Due to the crucial information provided by light wavelength and polarization, multispectral and polarized imaging technologies are of significant interest in various science and technology fields, including archeology, biology, remote sensing, and astronomy. Conventional multispectral and polarization imaging devices are based on filters and polarization analyzers, which usually require to take multiple shots to collect desired optical information and consist of bulky multi-pass systems or mechanically moving parts and are difficult to integrate into compact and integrated optical systems.

Metasurfaces that achieve full control of light properties, such as phases, amplitudes, and polarization states, have been demonstrated. As two-dimensional optical devices consisting of sub-wavelength nanostructures, metasurfaces are suitable for the design of integrated systems.

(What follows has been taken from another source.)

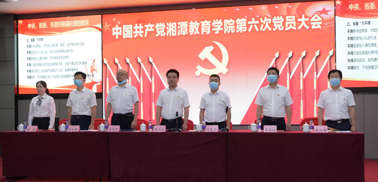 7月4日,湘潭教育学院第六次党员大会隆重召开。65名在职党员和离退休党员参会。湘潭市教育局党委委员、副局长彭奋强,秘书科科长黄大勇,市纪委监委驻市教育局纪监组一级主任科员周晓峰出席。会议还邀请了学院民进、民盟代表参加。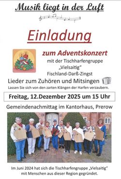 VeranstaltungAdvenstkonzert 12.12.2025 · 15:00 Uhr · 16:00 Uhr KantorhausLange Straße 418375 Prerow Leitung Harfengruppe „Vielsaitig“ FDZ Veranstalter KG Prerow Im Kalender speichern (.ics) Route berechnen zurück zur Übersicht der Veranstaltungen StartseiteGottesdienste und VeranstaltungenAktuellesGruppen und KreiseGemeindebriefeKirchenFördervereineFörderverein Seemannskirche Prerow e.V.Förderverein Fischerkirche Born e. V.Förderverein Schifferkirche Ahrenshoop e.V.FriedhofKontakt und MitarbeitendeAnmelden

Today, metasurfaces have been used in many different types of functional optical devices, such as optical displays, orbital angular momentum devices, beam splitters, meta-holography elements, and light-field imaging.

To realize integrated and compact designs, metasurface elements have been used in polarization and multispectral optical systems. However, there remains a lack of metalens devices that can achieve both spectra- and polarization-resolved functionalities simultaneously while keeping a good imaging performance with a large numerical aperture (NA). On the technical side, although at least three projections are required to determine the polarization state, the longitude of the Poincare sphere (also expressed as polarization ellipticity) can also reflect abundant information of the scene.